Top of Source material

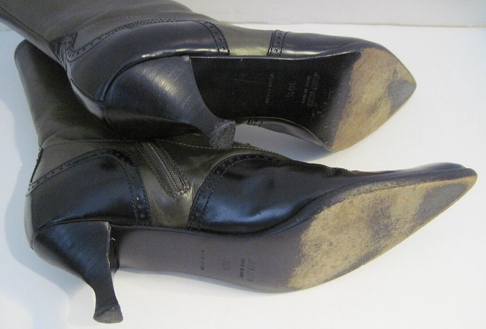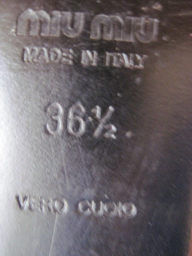Elevate your shoe game with these vintage MIU MIU leather boots size 36 1/2. The wingtip design and pointed toe give these booties a classic and sophisticated look. The kitten heel is perfect for any occasion, whether it be casual or formal. The boots feature a zipper closure, making them easy to put on and take off. The green color and solid pattern make these boots a great addition to any winter, summer, fall, or spring wardrobe. The leather upper, insole, and outsole ensure durability and comfort. These mid-calf boots are perfect for women who want to add a touch of the 90s to their outfit. Gently used.
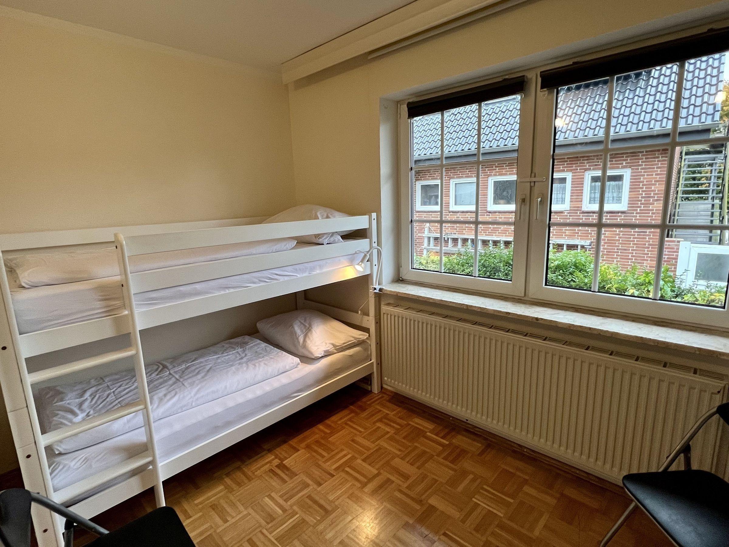 Die Wohnung verfügt über drei Schlafräume, zwei davon mit einem großen Boxspringbett (180x200cm) und viel Platz für das Urlaubsgepäck, das 3. Schlafzimmer bietet Ihnen ein Etagenbett. Für die Kleinsten steht Ihnen ein Babybett aus Holz mit Matratze - ohne Kissen und Decke - bereit. Außerdem gibt es im Wohnzimmer eine ausziehbare Wohnlandschaft, die einer Person Platz zum bequemen Schlaf bietet. Die Küche ist mit allen wichtigen Geräten, wie Spülmaschine, Induktionskochfeld, Backofen, Mikrowelle, Wasserkocher, Toaster und Kaffeemaschine für den täglichen Bedarf ausgestattet. Ein ausziehbarer Tisch mit sechs Stühlen lädt zum Essen, Spielen oder einfach nur zum gemütlichen Beisammensein ein. Es gibt ein großes Bad mit Dusche und Badewanne, WC, zwei Waschbecken und Fenster, sowie ein kleines Bad mit Dusche, einem Waschbecken und WC, ebenfalls mit Fenster.
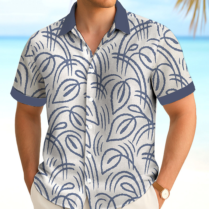 Men's Tropical Leaf Summer Hawaiian Shirt Button Up Shirt Aloha Shirt Short Sleeve Hawaiian Vacation Beach Wear Summer Spring Turndown 3D Print Collared Shirts Light Green Blue Green Dark Blue
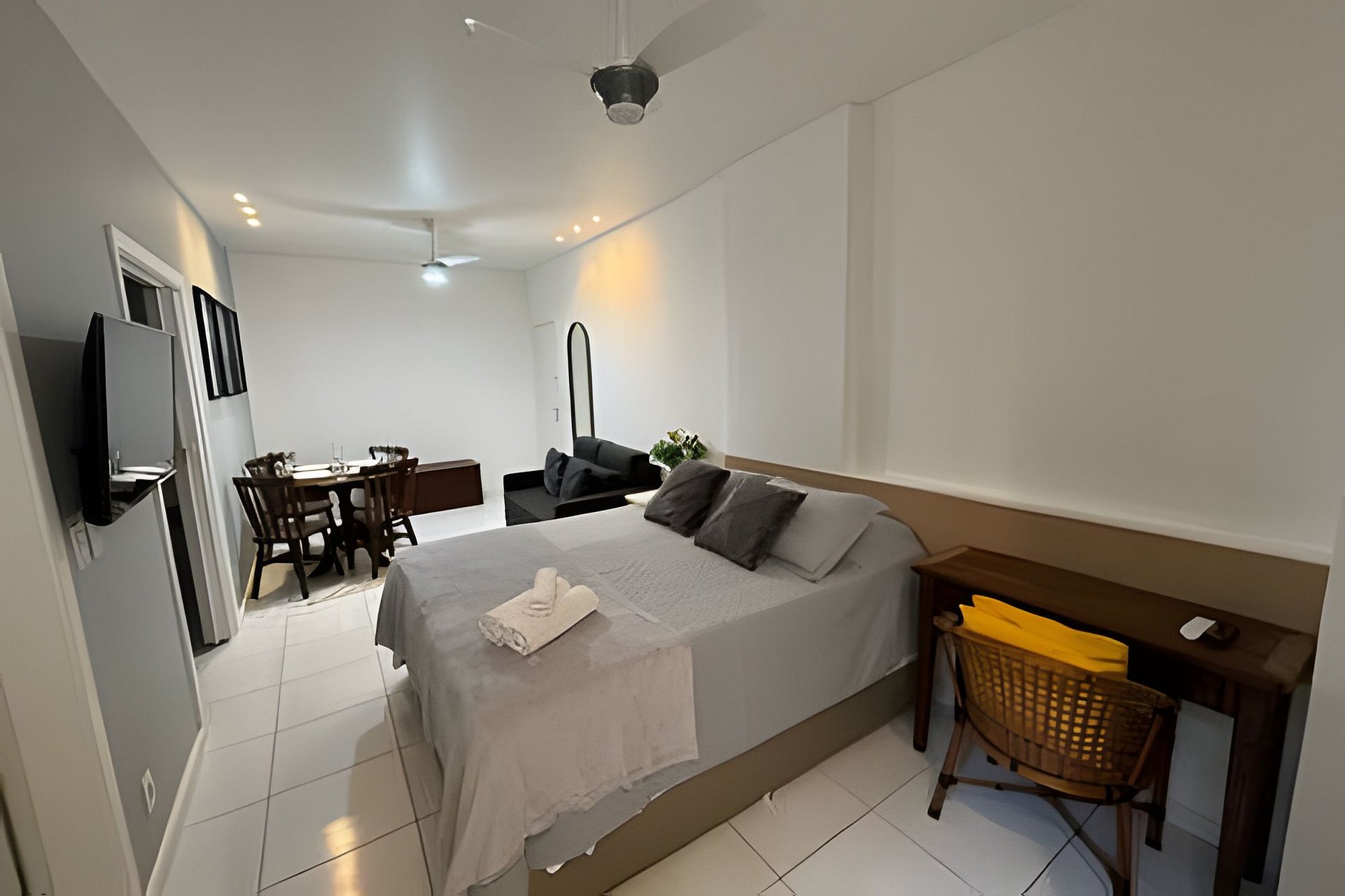 Apt recém reformado totalmente privativo ( nao é compartilhado)em localização incrível no coração de copacabana! Localizado apenas a uma quadra da praia e ao lado do icônico Hotel Copacabana Palace, você irá passar por dias inesquecíveis aqui. Ar condicionado, 2 ventiladores de teto, cama queen, sofa cama casal, mesa de jantar para quatro pessoas, maquina de lavar e secar roupa, fogão, forno, microondas, cafeteira e todo enxoval de cozinhha cama e banho para seu conforto e comodidade! Aproveite!

Bottom of Source material

*Task statement*
The answer should contain every line of the material exactly as written and no pictures.

*Response to the exercise*
Elevate your shoe game with these vintage MIU MIU leather boots size 36 1/2. The wingtip design and pointed toe give these booties a classic and sophisticated look. The kitten heel is perfect for any occasion, whether it be casual or formal. The boots feature a zipper closure, making them easy to put on and take off. The green color and solid pattern make these boots a great addition to any winter, summer, fall, or spring wardrobe. The leather upper, insole, and outsole ensure durability and comfort. These mid-calf boots are perfect for women who want to add a touch of the 90s to their outfit. Gently used.
 Die Wohnung verfügt über drei Schlafräume, zwei davon mit einem großen Boxspringbett (180x200cm) und viel Platz für das Urlaubsgepäck, das 3. Schlafzimmer bietet Ihnen ein Etagenbett. Für die Kleinsten steht Ihnen ein Babybett aus Holz mit Matratze - ohne Kissen und Decke - bereit. Außerdem gibt es im Wohnzimmer eine ausziehbare Wohnlandschaft, die einer Person Platz zum bequemen Schlaf bietet. Die Küche ist mit allen wichtigen Geräten, wie Spülmaschine, Induktionskochfeld, Backofen, Mikrowelle, Wasserkocher, Toaster und Kaffeemaschine für den täglichen Bedarf ausgestattet. Ein ausziehbarer Tisch mit sechs Stühlen lädt zum Essen, Spielen oder einfach nur zum gemütlichen Beisammensein ein. Es gibt ein großes Bad mit Dusche und Badewanne, WC, zwei Waschbecken und Fenster, sowie ein kleines Bad mit Dusche, einem Waschbecken und WC, ebenfalls mit Fenster.
 Men's Tropical Leaf Summer Hawaiian Shirt Button Up Shirt Aloha Shirt Short Sleeve Hawaiian Vacation Beach Wear Summer Spring Turndown 3D Print Collared Shirts Light Green Blue Green Dark Blue
 Apt recém reformado totalmente privativo ( nao é compartilhado)em localização incrível no coração de copacabana! Localizado apenas a uma quadra da praia e ao lado do icônico Hotel Copacabana Palace, você irá passar por dias inesquecíveis aqui. Ar condicionado, 2 ventiladores de teto, cama queen, sofa cama casal, mesa de jantar para quatro pessoas, maquina de lavar e secar roupa, fogão, forno, microondas, cafeteira e todo enxoval de cozinhha cama e banho para seu conforto e comodidade! Aproveite!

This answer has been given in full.